• **Exercise**
Only the lines from the one with "Striukė ilgomis rankovėmis" to the end of the listing below should be set down, exactly as written and without any pictures.

• **Provided material**
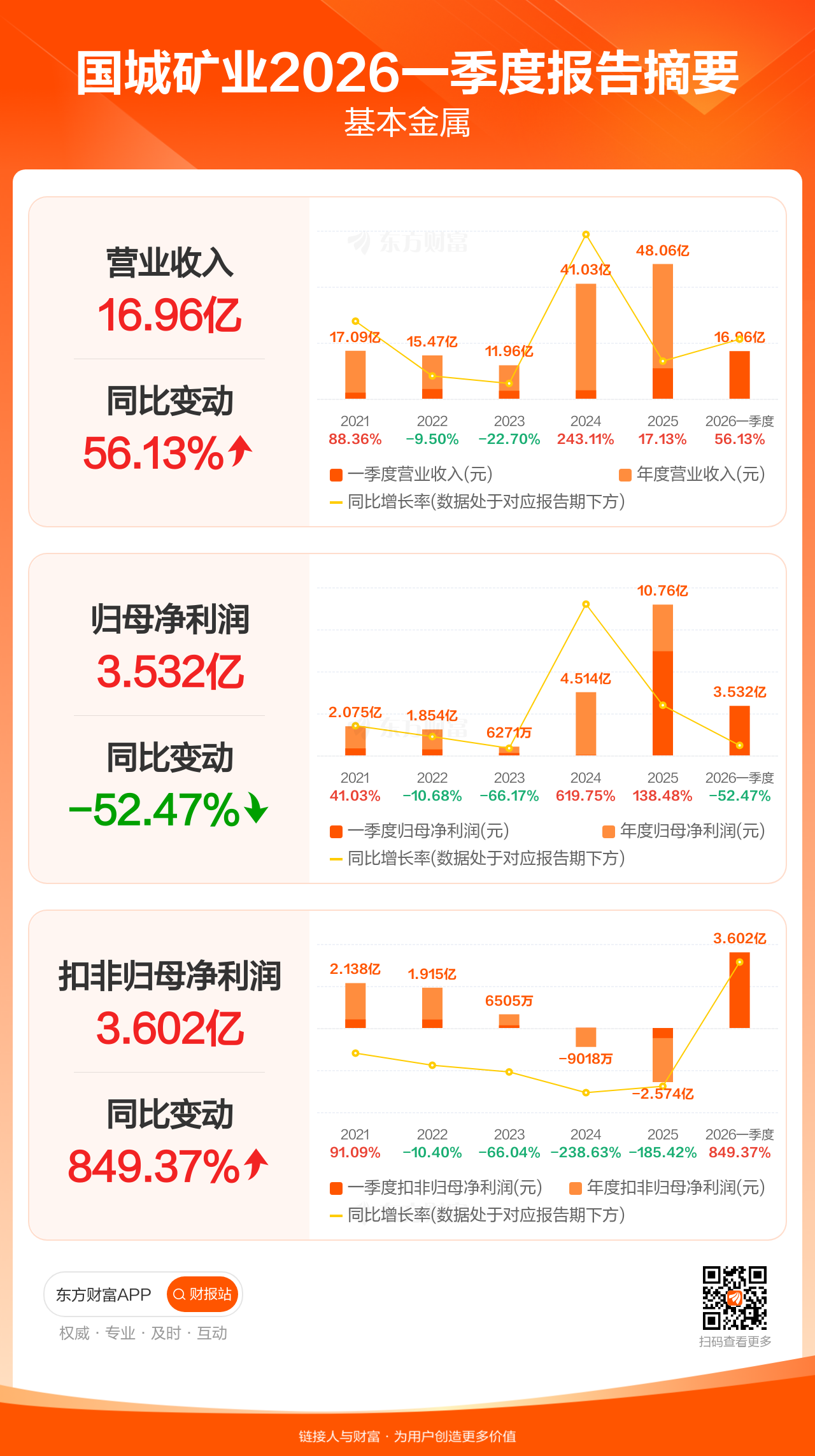 国城矿业4月23日发布2026年一季报显示,公司一季度实现营业收入16.96亿元,同比增长56.13%;归母净利润3.53亿元,同比下滑52.47%;扣非归母净利润3.60亿元,同比增长849.37%。
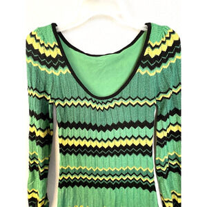 Bebe Dress Womens Small Green Black Silver Chevron Metallic Party Night Out
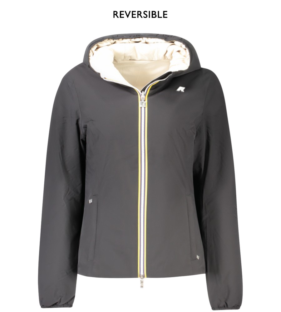 Striukė ilgomis rankovėmis su gaubtu, grįžtama juoda/smėlio spalvos, paminkštinta, 2 išorinės kišenės, 2 vidinės kišenės, kontrastingos detalės, ZIP, taikymas, logotipas
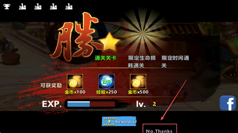 成功击败对手后通关当前关卡。

• **Reply to the task**
 Striukė ilgomis rankovėmis su gaubtu, grįžtama juoda/smėlio spalvos, paminkštinta, 2 išorinės kišenės, 2 vidinės kišenės, kontrastingos detalės, ZIP, taikymas, logotipas
 成功击败对手后通关当前关卡。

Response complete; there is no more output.